:: Records to process ::
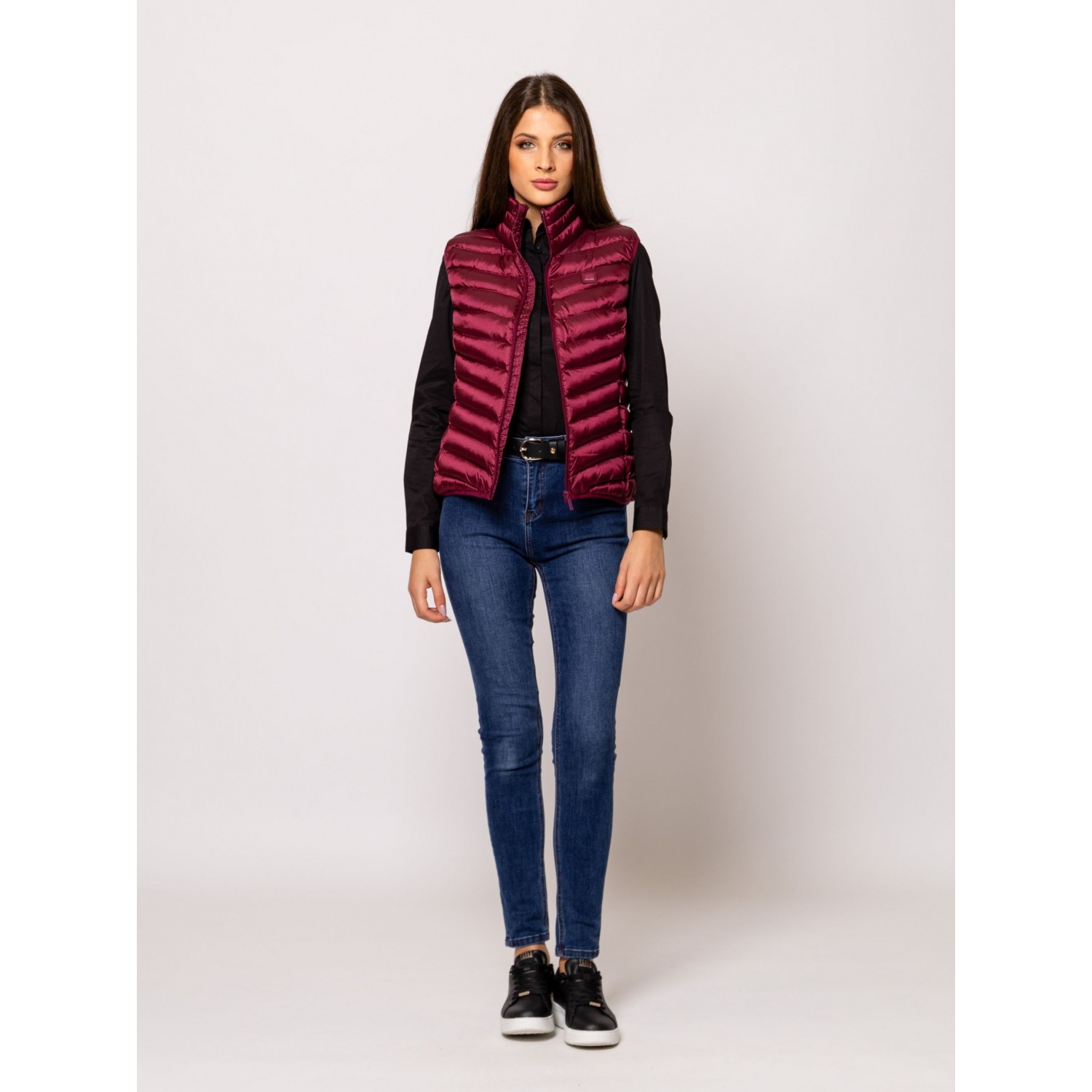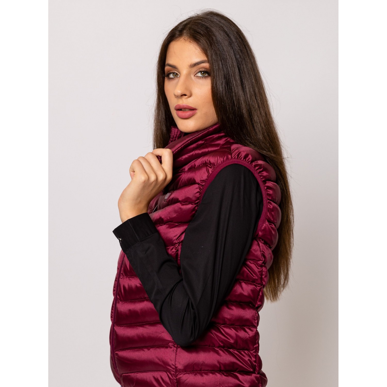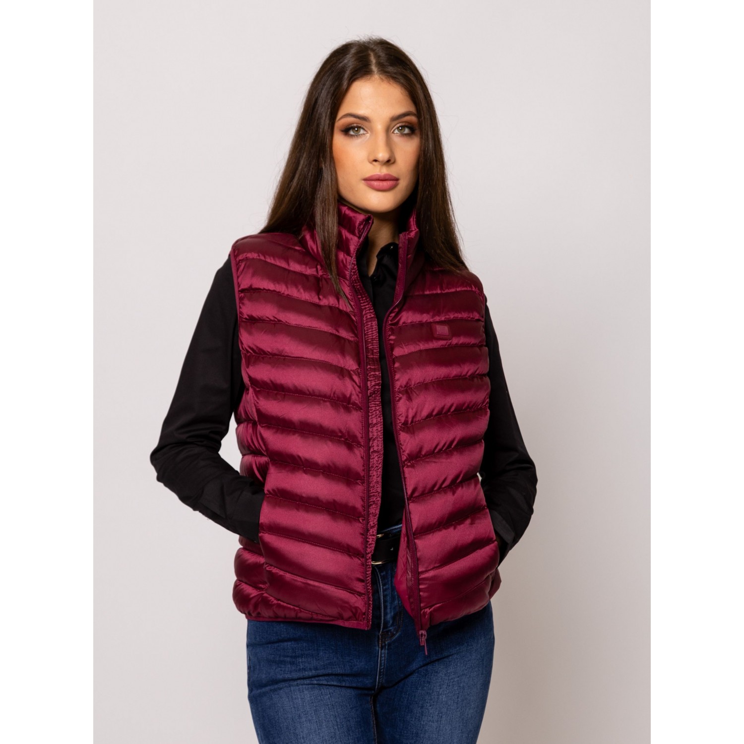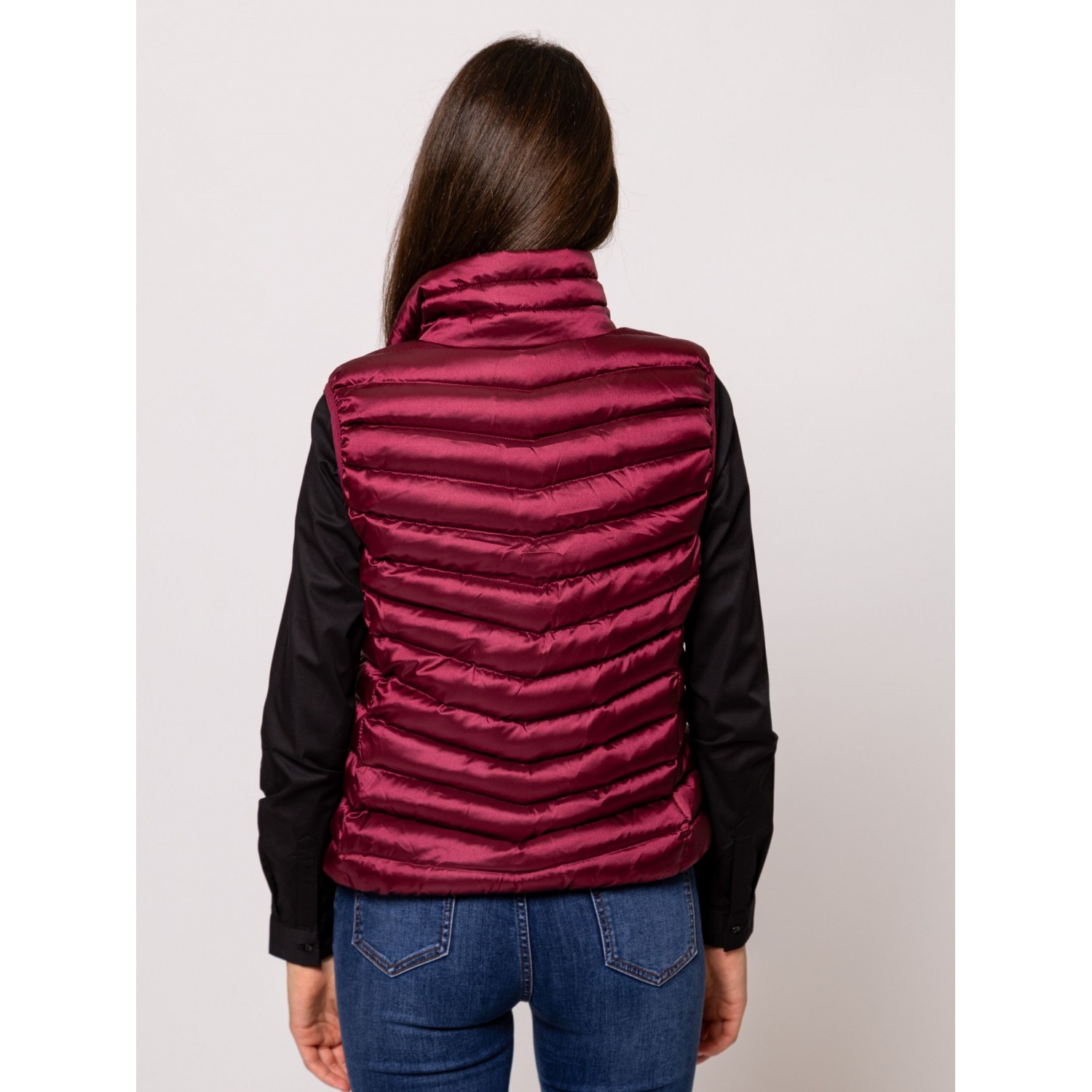 Női könnyű, steppelt mellény, kényelmes nőies szabással, csípőig érő hosszal, álló gallérral, belső szélfogóval, szabásvonalba helyezett, cipzáros zsebbel, ragyogó színekben, kis fém márkajelzéssel az elején. Anyaga: külső: 60% poliészter, 40% nylon, bélés: 100% poliészter, tömés: 100% poliészter, lightweight. A modell 175 cm magas és S-es méretet visel.
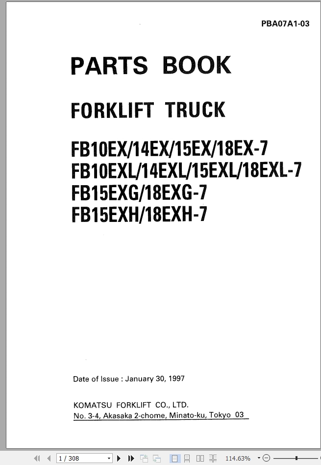 Komatsu FB10EX-7 FB18EXH-7 Part Book PBA07A1-03
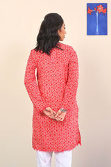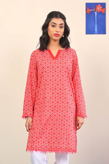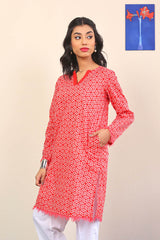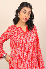 Printed straight shirt with pockets on sides and frayed hem and sleeves with round neckline with solid fabric V dip.
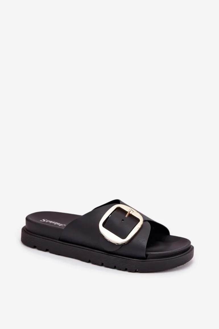 Klapki Damskie Na Platformie Ze Złotą Klamrą Czarne Jovira
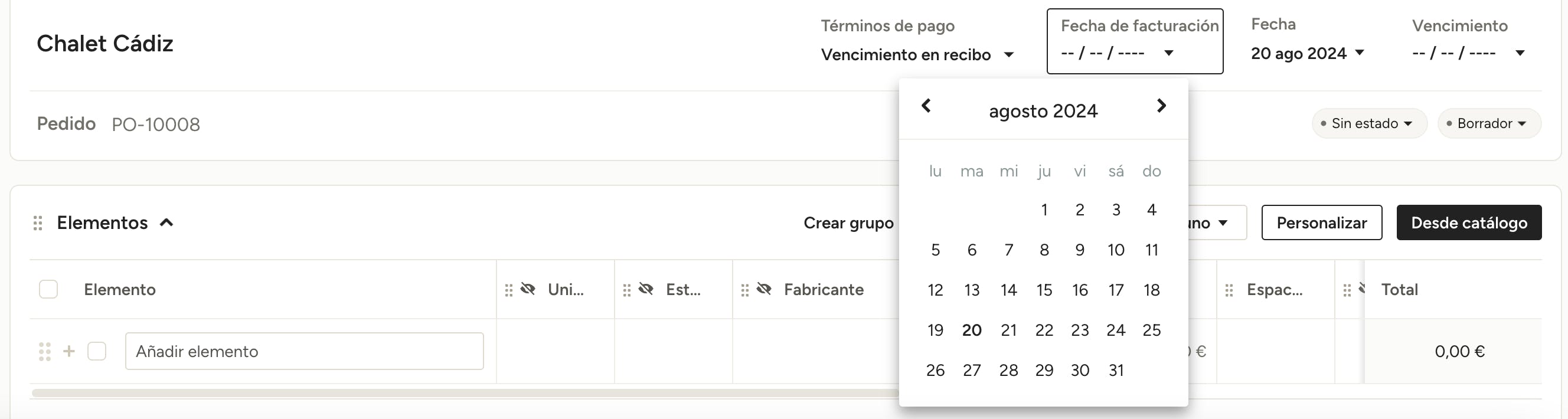 Haz clic en Crear para empezar a añadir los elementos y editar el pedido.
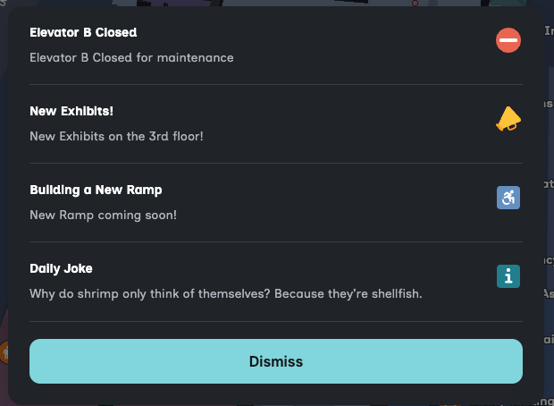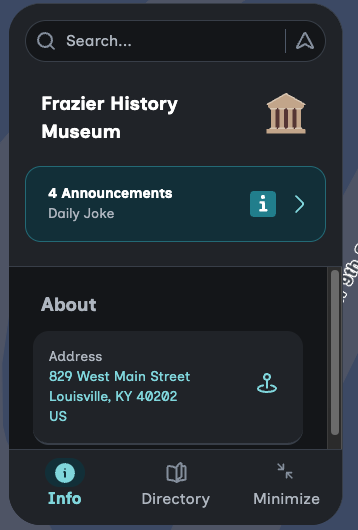 Announcements can be found in the public viewer of a map or directly through the GoodMaps app to communicate information to map users.
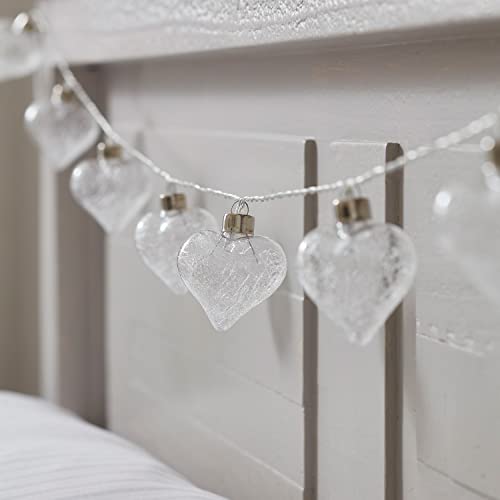 Lights4fun Catena Luminosa di 10 Cuori in Vetro con LED Bianchi Caldi a Pile per Arredo Interni di San Valentino
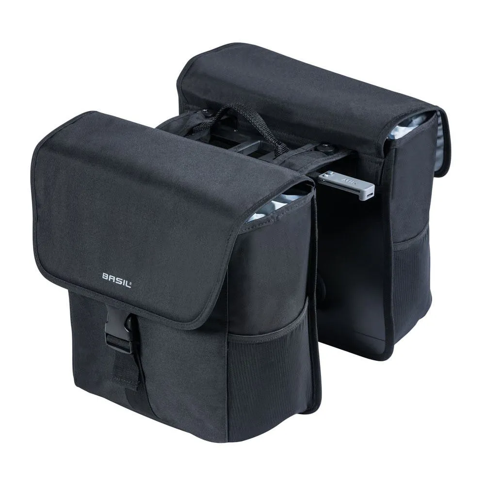 De dubbele fietstas Go MIK van Basil heeft een ruime inhoud van 32 liter en is gemaakt van waterafstotend polyester. De tas is uitgevoerd in de kleur zwart en voorzien van reflecterende elementen en een MIK-adapterplaat.
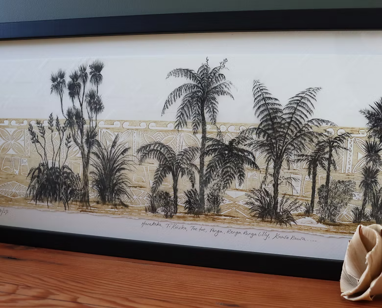 Harekeke, Ti Kouka, Toetoe, Ponga, Renga Renga Lily, Kawakawa by Wellington printmaker Kirsty White
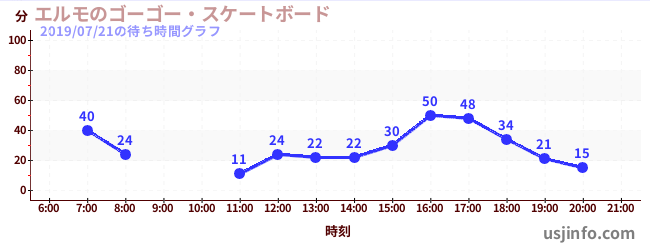 • エルモのゴーゴー・スケートボード$B$N(B2019年07月21日の待ち時間
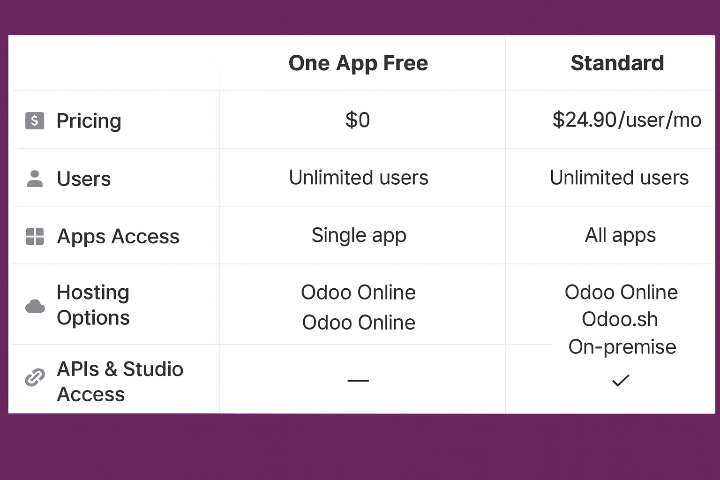 | One App Free | 0 | 0 | Odoo Online | Single app unlimited users |
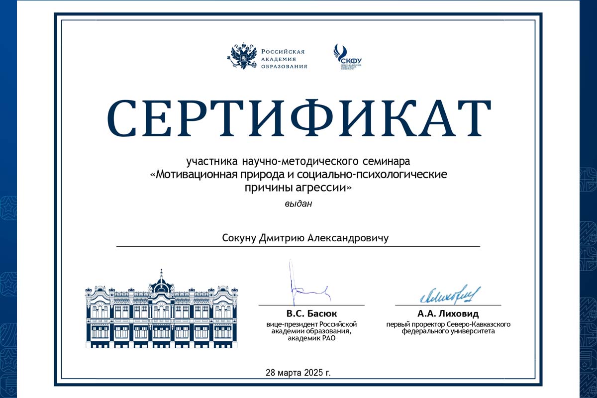 Отдел психологического сопровождения принял участие в научно-методическом семинаре Российской академии образования «Мотивационная природа и социально-психологические причины агрессии» на базе Северо-Кавказского федерального университета.
:::
What to work on » For this task, give again exactly the lines from the line with "Announcements can be" through the end of the entries, including both ends, and omit the pictures.

Answer box »
 Announcements can be found in the public viewer of a map or directly through the GoodMaps app to communicate information to map users.
 Lights4fun Catena Luminosa di 10 Cuori in Vetro con LED Bianchi Caldi a Pile per Arredo Interni di San Valentino
 De dubbele fietstas Go MIK van Basil heeft een ruime inhoud van 32 liter en is gemaakt van waterafstotend polyester. De tas is uitgevoerd in de kleur zwart en voorzien van reflecterende elementen en een MIK-adapterplaat.
 Harekeke, Ti Kouka, Toetoe, Ponga, Renga Renga Lily, Kawakawa by Wellington printmaker Kirsty White
 • エルモのゴーゴー・スケートボード$B$N(B2019年07月21日の待ち時間
 | One App Free | 0 | 0 | Odoo Online | Single app unlimited users |
 Отдел психологического сопровождения принял участие в научно-методическом семинаре Российской академии образования «Мотивационная природа и социально-психологические причины агрессии» на базе Северо-Кавказского федерального университета.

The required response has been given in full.